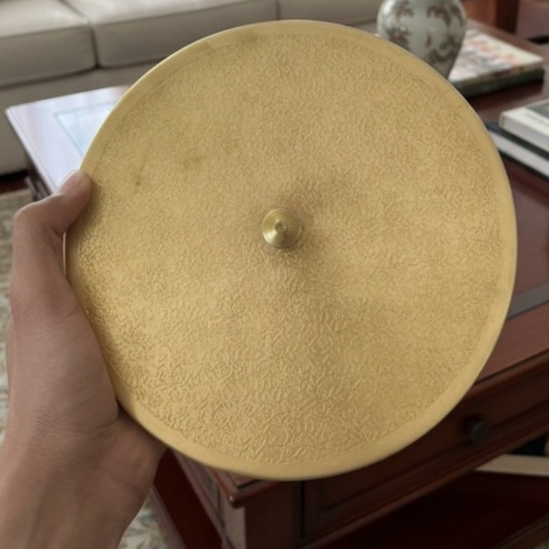 Made around 1983, this matching pair of antique brass flat storage boxes features a shallow, low-profile form with clean circular lines and a solid brass construction. The surfaces display a naturally aged brass tone with subtle marks and variations developed over time, reflecting functional Indian brassware from the late 20th century. The two sizes complement each other while maintaining a cohesive and balanced appearance.
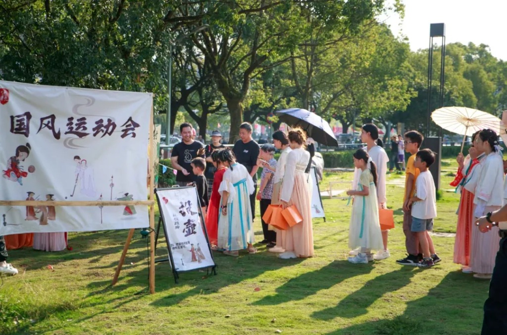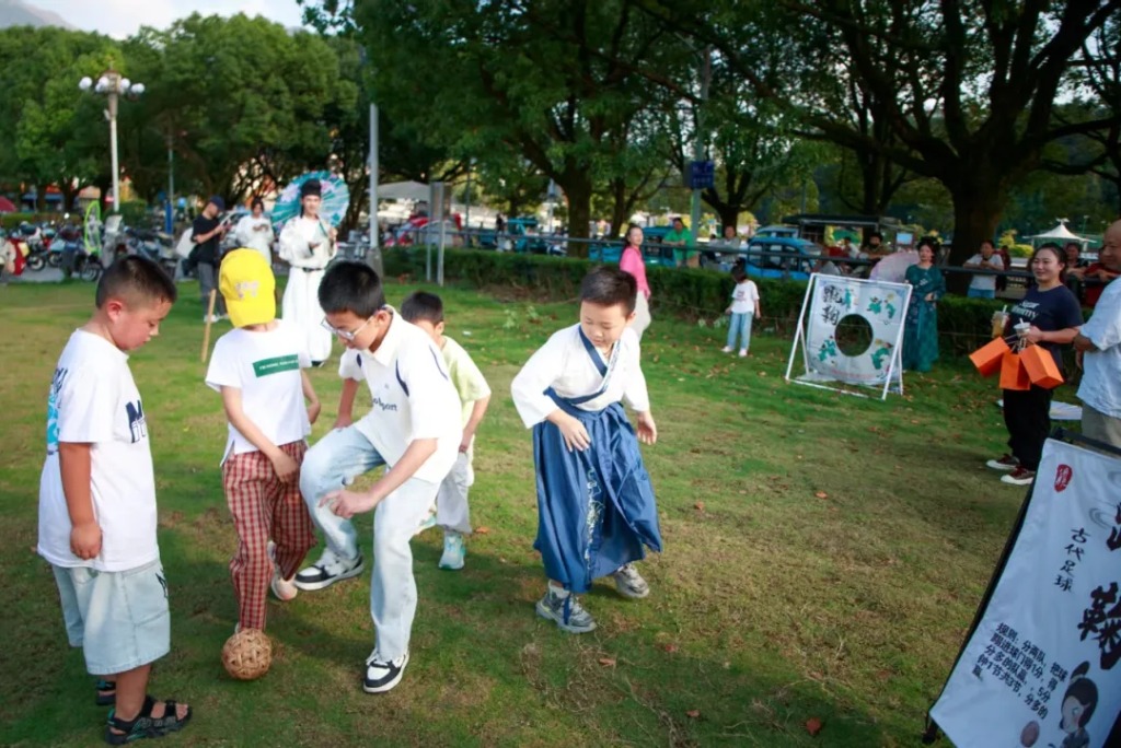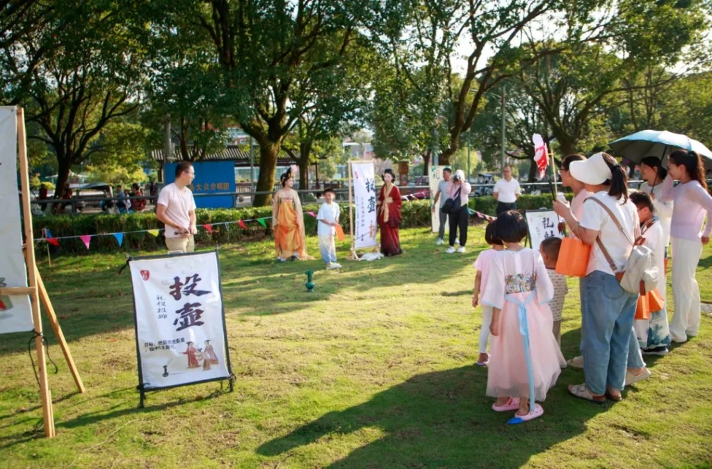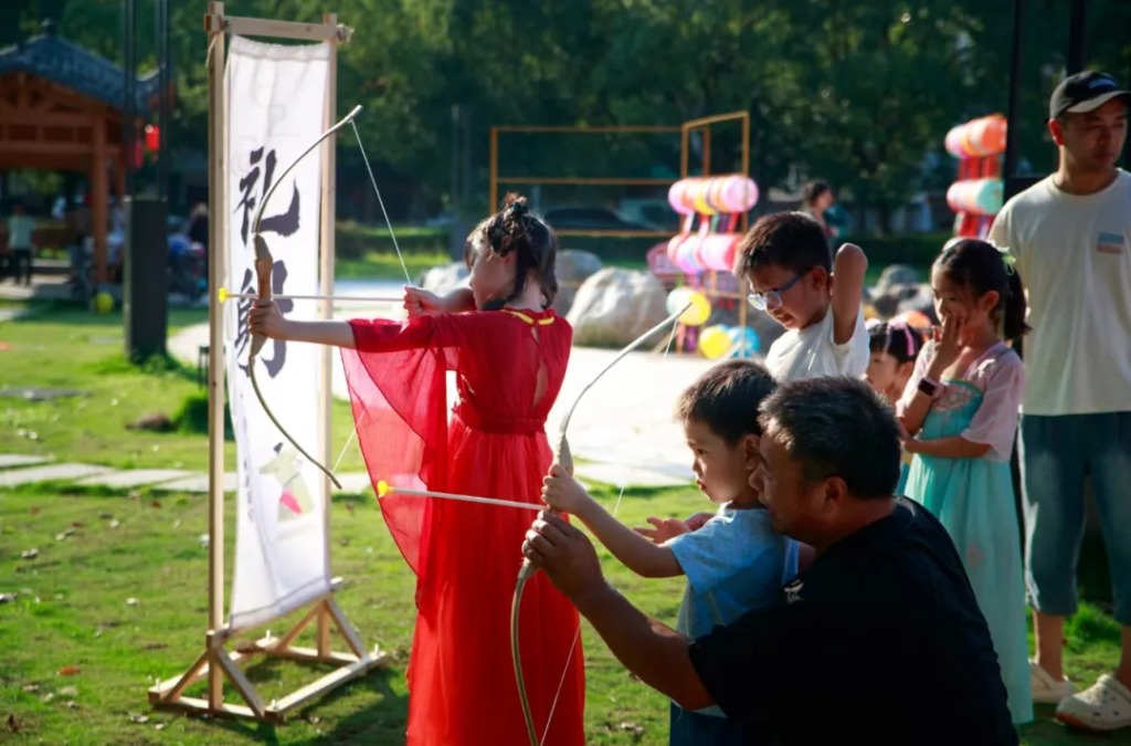 与此同时,“双节同庆·红韵国风”中秋汉服巡游游园会的国风运动会也热闹开场,不少汉服爱好者自发参与其中,沉浸式体验传统竞技项目和非遗民俗文化。投壶区内箭矢轻掷,划出优雅弧线;蹴鞠场上巧传妙接,激起阵阵欢声;捶丸区,木槌击球声声脆响;礼射场中喝彩不断,热闹非凡。
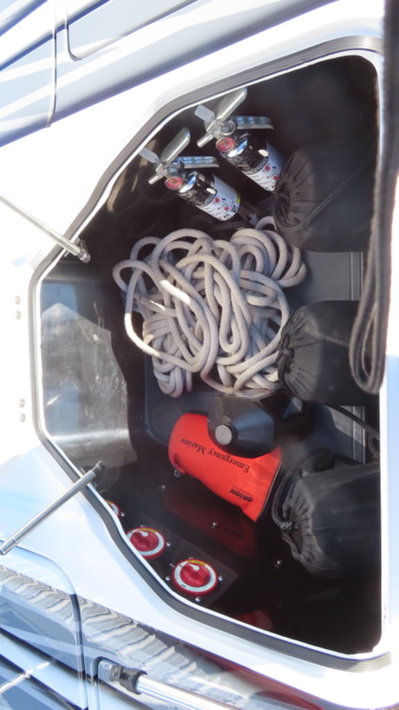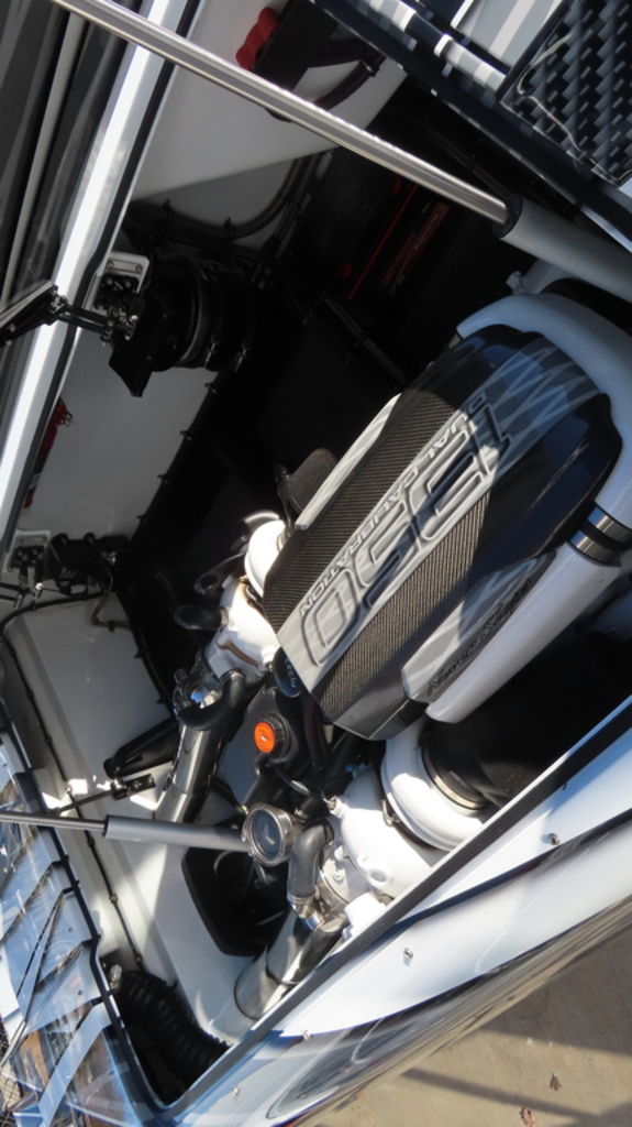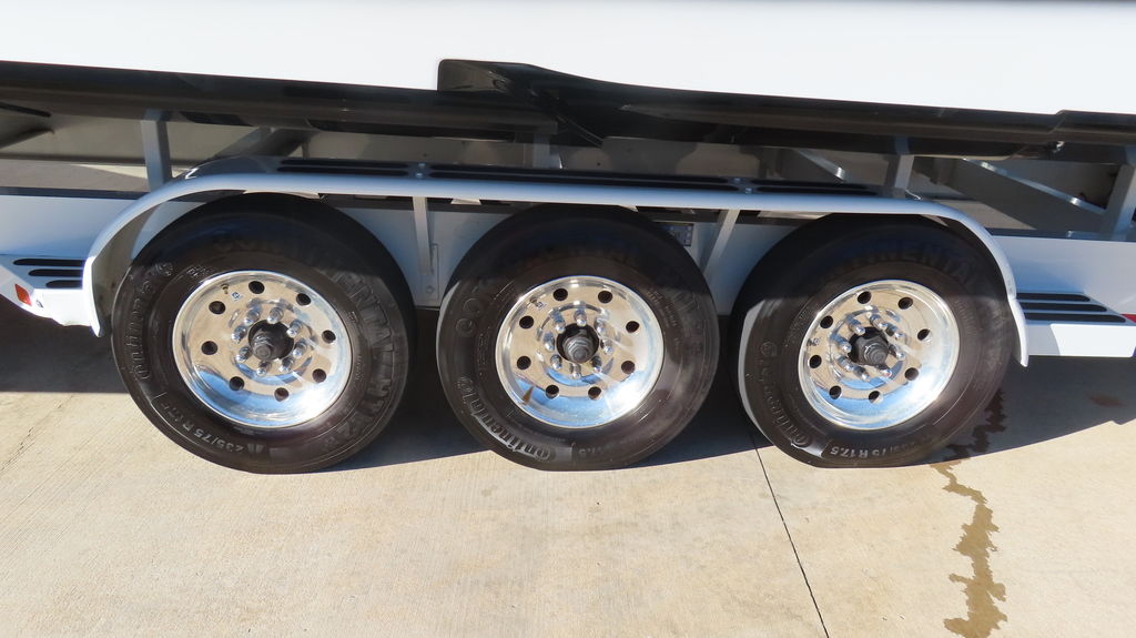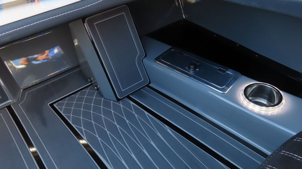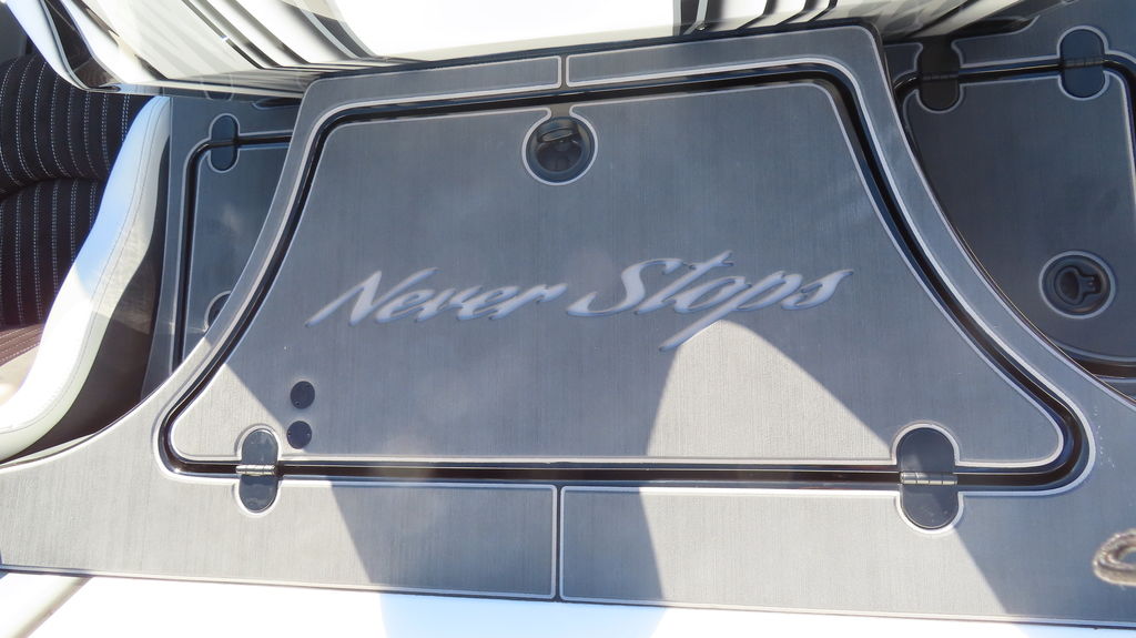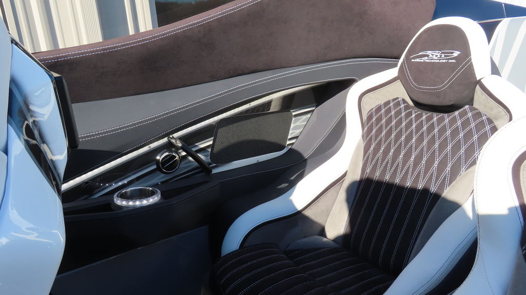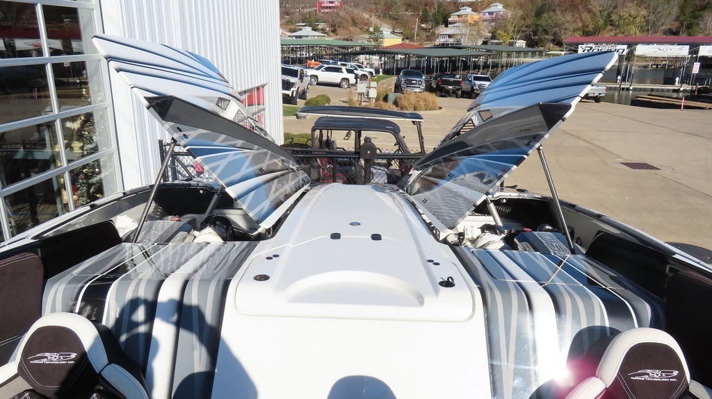 Full Carbon Layup, Staggered Eight seater cockpit, Garmin centered in dash, Smartcraft Vesselview 903, Passenger 16' Garmin, (4) Garmin GPS in seatbacks for rear passengers, Fusion Stereo w/ Automatic pop-up speaker pods, power adjustable helm seats, Black out hardware package, flip-up bolsters for all seats, Sea Deck flooring, cockpit blowers with inverter A/C, Cockpit Sunshade, Alcantera Seat Accents, cockpit cover, Marine Concepts Dock Cover, and Flat Myco trailer included.

== What is required ==
Would it be possible to give the material above again exactly, with the pictures left out?

== Reply ==
 Made around 1983, this matching pair of antique brass flat storage boxes features a shallow, low-profile form with clean circular lines and a solid brass construction. The surfaces display a naturally aged brass tone with subtle marks and variations developed over time, reflecting functional Indian brassware from the late 20th century. The two sizes complement each other while maintaining a cohesive and balanced appearance.
 与此同时,“双节同庆·红韵国风”中秋汉服巡游游园会的国风运动会也热闹开场,不少汉服爱好者自发参与其中,沉浸式体验传统竞技项目和非遗民俗文化。投壶区内箭矢轻掷,划出优雅弧线;蹴鞠场上巧传妙接,激起阵阵欢声;捶丸区,木槌击球声声脆响;礼射场中喝彩不断,热闹非凡。
 Full Carbon Layup, Staggered Eight seater cockpit, Garmin centered in dash, Smartcraft Vesselview 903, Passenger 16' Garmin, (4) Garmin GPS in seatbacks for rear passengers, Fusion Stereo w/ Automatic pop-up speaker pods, power adjustable helm seats, Black out hardware package, flip-up bolsters for all seats, Sea Deck flooring, cockpit blowers with inverter A/C, Cockpit Sunshade, Alcantera Seat Accents, cockpit cover, Marine Concepts Dock Cover, and Flat Myco trailer included.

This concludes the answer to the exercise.